The optimal threshold value for SBR was 3.0, whereby an 87.2% sensitivity and 86.1% specificity (LR 6.2) was reached, with an NPV and PPV of 99.4% and 20.1%, respectively. Receiver operating characteristic (ROC) curve evaluation showed the area under the curve (AUC) obtained for MFI was 0.89 (95% confidence interval (CI) 0.86–0.92) and the AUC for SBR was 0.93 (95% CI 0.89–0.97), suggesting potential clinical value (Fig. 2d, e).
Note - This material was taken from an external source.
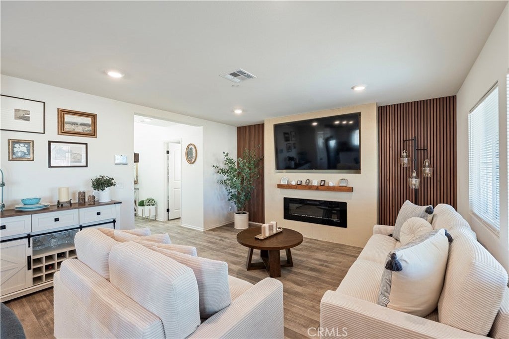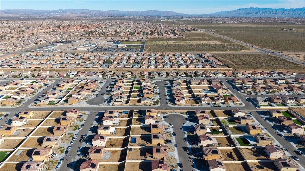 STOP! This is the home you've been looking for. A beautifully built 2023 single-family home in Adelanto offering a modern, functional layout and PAID-OFF SOLAR. This move-in-ready residence features 3 bedrooms, 2.5 bathrooms, and 1,583 sq ft of thoughtfully designed living space ideal for today’s lifestyle. The open-concept floor plan showcases a spacious living area highlighted by an upgraded fireplace insert and feature wall, adding warmth and charm to the home. The well-appointed kitchen flows seamlessly into the dining space, making it perfect for entertaining or everyday living. Upstairs, you’ll find generously sized bedrooms, including a relaxing primary suite with a private bath. Situated on a large lot, the landscaped backyard offers ample outdoor space to enjoy, complete with a newly installed patio and concrete pad, perfect for gatherings or future customization. Additional features include central cooling, an attached garage, and energy-efficient construction. Located in a growing community with convenient access to schools, parks, and commuter routes, this home blends modern comfort with everyday convenience. Don’t miss your opportunity to make this turnkey property yours!
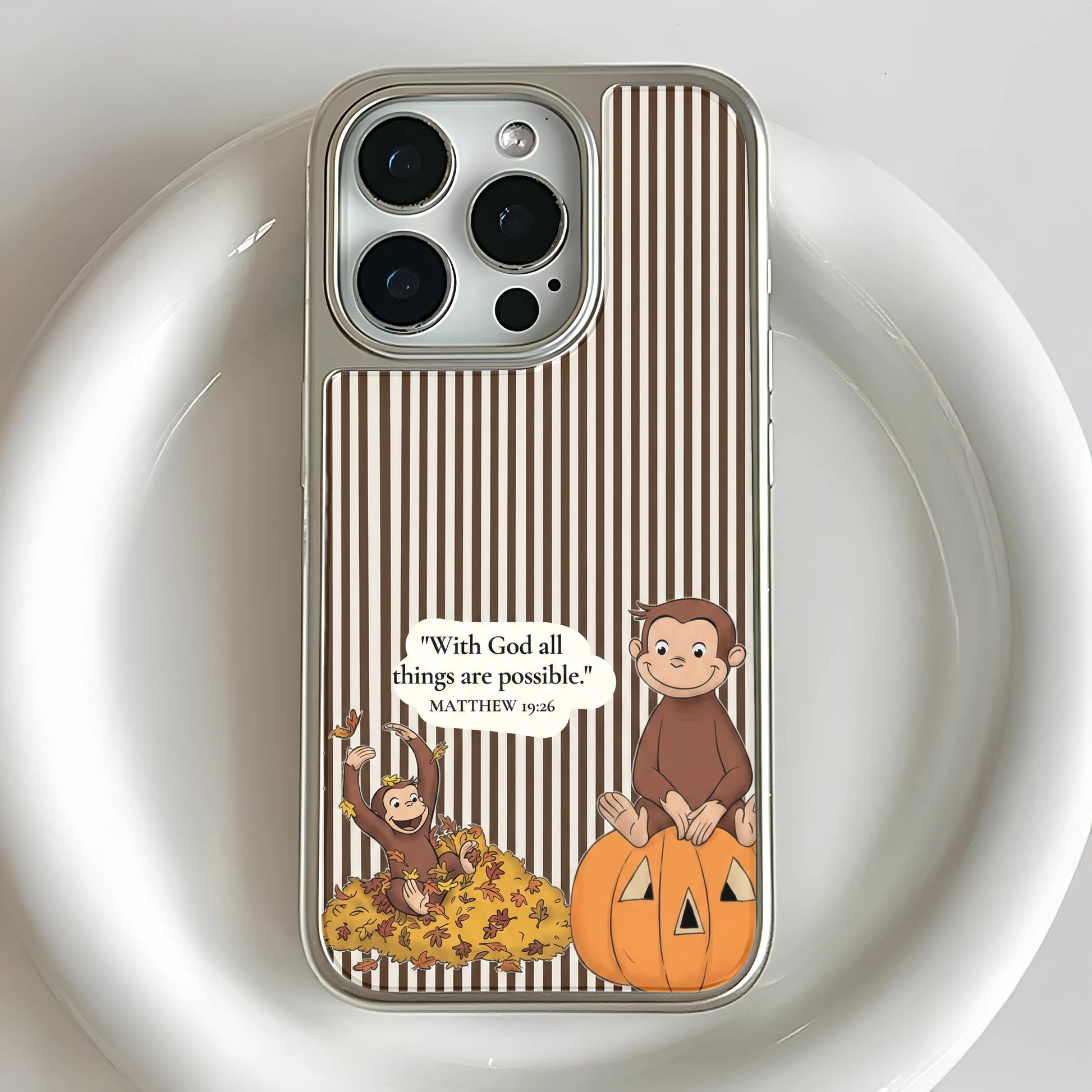 Embrace fun and creativity with the Holographic Chrome Curious Monkey Phone Case, featuring charming illustrations of playful monkeys amidst a backdrop of autumn leaves and pumpkins. This eye-catching design is perfect for those who appreciate whimsical art and the vibrant hues of fall.

Because the PPV remained relatively low for the single evaluation techniques, we evaluated a combined threshold of MFI ≥ 0.044 and SBR ≥ 3.0, which resulted in a PPV of 36.2% consistent with a sensitivity of 84.6% and specificity of 94.0% (Table 2). Importantly, this combined MFI and SBR threshold method allowed us to preselect 91 LNs (9.0%) from the total of 1012 collected LNs, compared to 267 LNs (26.4%) in MFI threshold method and 169 LNs (16.7%) in SBR threshold method. Finally, using the combined MFI and SBR threshold method, 915/1012 LNs were scored true negative (fluorescence negative, histopathologically confirmed benign LN), 33 LNs as true positive (fluorescence positive, histopathologically confirmed metastatic LN), 58 LNs as false positive (fluorescence positive, histopathologically confirmed benign LN), and 6 LNs as false negative (fluorescence negative, histopathologically confirmed metastatic LN).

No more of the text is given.